The features such as DNA origami structure is easy to modify due to its structure controllable precise, addressability and be widely used in tumor target To pharmaceutical carrier (Chinese invention patent: a kind of preparation method of the DNA target for brain tumor to nano drug-carrying molecule, publication number: CN104645338A), signal probe (Chinese invention patent: using DNA nanometers of origami structures as the detection of signal amplifying probe Method, publication number: CN104133053A), biosensor (Chinese invention patent: the DNA paper folding nanometer based on aptamers modification Structure-nanogold biosensor and its preparation method and application, publication number: CN104962615A) etc. research fields.And it is close A little years for DNA conducting wire (Chinese invention patent: DNA guided nano granule assembles the preparation method of tree-shape wire, publication number: CN1994862A), pH response (Chinese invention patent: the preparation method of the pH sensing element based on DNA molecular change of configuration, public affairs The number of opening: CN104391119A) etc. characteristics research, and impart DNA nanostructure as nanometric circuit and prepare the unlimited of material It may.

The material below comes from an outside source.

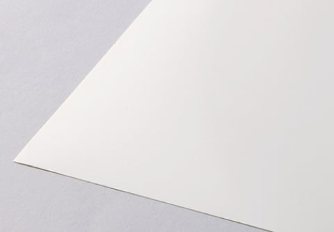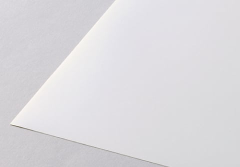 表面が印刷用に白く塗工され、若干の光沢があります。コート紙とほぼ同等。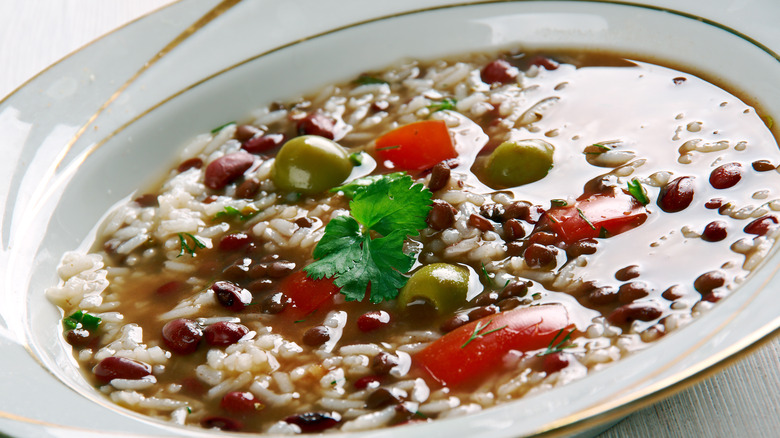 Asopao is a soup that sometimes comes out more like a stew, and is usually made with a brothy rice base seasoned with sofrito, tomato sauce, peppers, and herbs, and filled with any number of proteins or vegetables. While asopao didn't show up on restaurant menus until the 1800s, the recipe itself dates back to Spanish colonization and the African slave trade. Puerto Rican heritage and culinary traditions are often derived from a mix of Spanish and African influences. As such, local food historians assert that asopao is a cross between saffron rice and gumbo, using the local Caribbean bounty to supply its own flavors and ingredients.

The realization of the various excellent performances of DNA nanostructure is built upon on the basis of itself structural intergrity.For The stability of DNA nanostructure, some research work both domestic and external find its in high temperature, ethyl alcohol, in the organic solvents such as toluene all Show excellent structural stability.But the problem of having one to be ignored jointly is exactly: unified standard DNA does not roll over for these researchs Paper structure is in solid liquid interface or in solution.And at present do not there is also research to be related to solid liquid interface may be to DNA paper folding The influence that structural stability generates does not have reliable research method as reference yet.
Summary of the invention
In view of the deficiencies of the prior art, it is an object of the invention to improve a kind of research interfacial effect to DNA two dimension paper folding The method of the influence of structural stability.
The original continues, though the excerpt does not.